For those unfamiliar a dictionary
(dict) is python
structure that maps arbirtrary keys to a set of arbitrary values. Super powerful for data manipulation and data wrangling. Taking this is a step further pandas.Series
is a structure that maps typed keys
to a set of typed values
. The typing is very important whereas the type-specific compiled code within numpy
arrays makes it much more efficient than a python list
. In the same vein pandas.Series
is much more efficient python dictionaries
. pandas.Series
has an insane amount of commands:
Next, we move to what i consider the most powerful aspect of pandas
the DataFrame
. A DataFrame
is a data structure that organizes data into a 2-dimensional table of rows and columns, much like a spreadsheet. DataFrames
are one of the most common data structures used in modern data analytics because they are a flexible and intuitive way of storing and working with data.
# Python code demonstrate creating
# DataFrame from dict narray / lists
# By default addresses.
import pandas as pd
# intialise data of lists.
data = {'Name':['Bob', 'Carol', 'Alice', ''],
'Age':[18, 20, 22, 24]}
# Create DataFrame
df = pd.DataFrame(data)
# Print the output.
print(df)
[8]:
Name Age 0 Bob 18 1 Carol 20 2 Alice 22 3 24
Lets grab some data. nba.csv is a flat file of NBA statistics of players:
i don’t watch or follow sports so i don’t know what is in this file. Just did a google search for csv statistics and this file came up.
# importing pandas package
import pandas as pd
# making data frame from csv file
data = pd.read_csv("nba.csv", index_col ="Name")
# retrieving row by loc method
first = data.loc["Avery Bradley"]
second = data.loc["R.J. Hunter"]
print(first, "\n\n\n", second)
[9]:
Team Boston Celtics
Number 0.0
Position PG
Age 25.0
Height 6-2
Weight 180.0
College Texas
Salary 7730337.0
Name: Avery Bradley, dtype: object
Team Boston Celtics
Number 28.0
Position SG
Age 22.0
Height 6-5
Weight 185.0
College Georgia State
Salary 1148640.0
Name: R.J. Hunter, dtype: object
How nice is this? Easy Peasy. It seems almost too easy.
For reference here is the pandas.Dataframe
reference documentation.
Just to show how far reaching pandas is now in the data science world for all of you who think you may need to use Spark there is a package called PySpark
. In PySpark A DataFrame
is equivalent to a relational table in Spark SQL
, and can be created using various functions. Once created, it can be manipulated using the various domain-specific-language (DSL) functions much like your beloved SQL.
Which might be another Snake_Byte in the future.
i also found pandas
being used in ye ole #HealthIT #FHIR for as we started this off csv
manipulation. Think of this Snake_Byte as an Ouroboros.
This github repo converts csv2fhir
( can haz interoperability? ):
with pd.read_csv(file_path, **csv_reader_params) as buffer:
for chunk in buffer:
chunk: DataFrame = execute(chunk_tasks, chunk)
# increment the source row number for the next chunk/buffer processed
# add_row_num is the first task in the list
starting_row_num = chunk["rowNum"].max() + 1
chunk_tasks[0] = Task(name="add_row_num", params={"starting_index": starting_row_num})
chunk: Series = chunk.apply(_convert_row_to_fhir, axis=1)
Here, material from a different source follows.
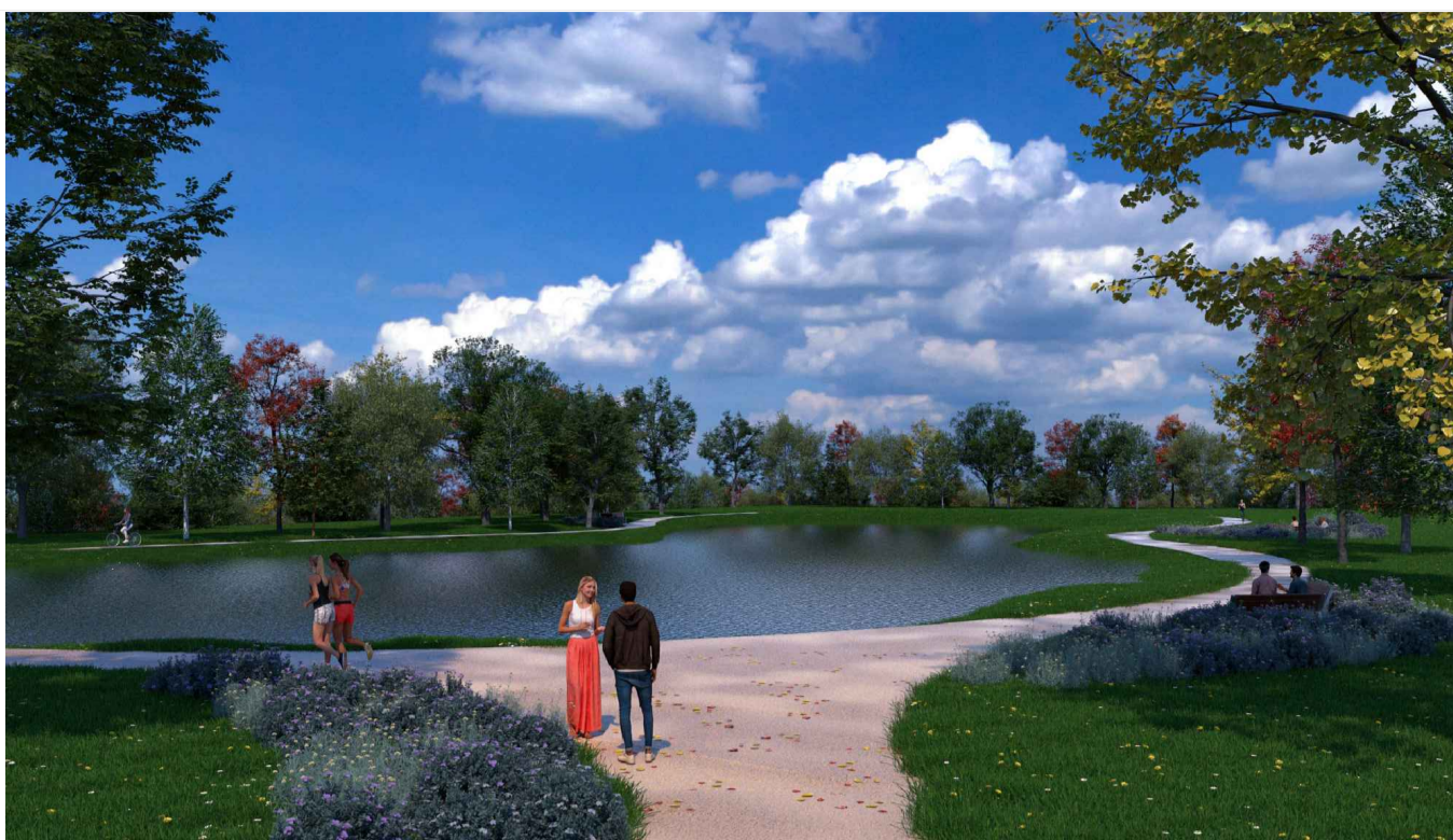
V2 - con vasca inondata

for processing_exception, group_by_key, fhir_resources in chunk:
yield processing_exception, group_by_key, fhir_resources
So this brings us to the end of this Snake_Byte. Hope this gave you a little taste of a great python library that is used throughout the industry.
Muzak To Blog By:
Mike Patton & The Metropole Orchestra – Mondo Cane – June 12th 2008 (Full Show) <- A true genius at work!
One other mention on the Muzak To Blog By must go to the fantastic Greek Composer, Evángelos Odysséas Papathanassíou (aka Vangelis) who recently passed away. We must not let the music be lost like tears in the rain, Vangelis’ music will live forever. Rest In Power, Maestro Vangelis. i have spent many countless hours listening to your muzak and now the sheep are truly dreaming. Listen here -> Memories Of Green.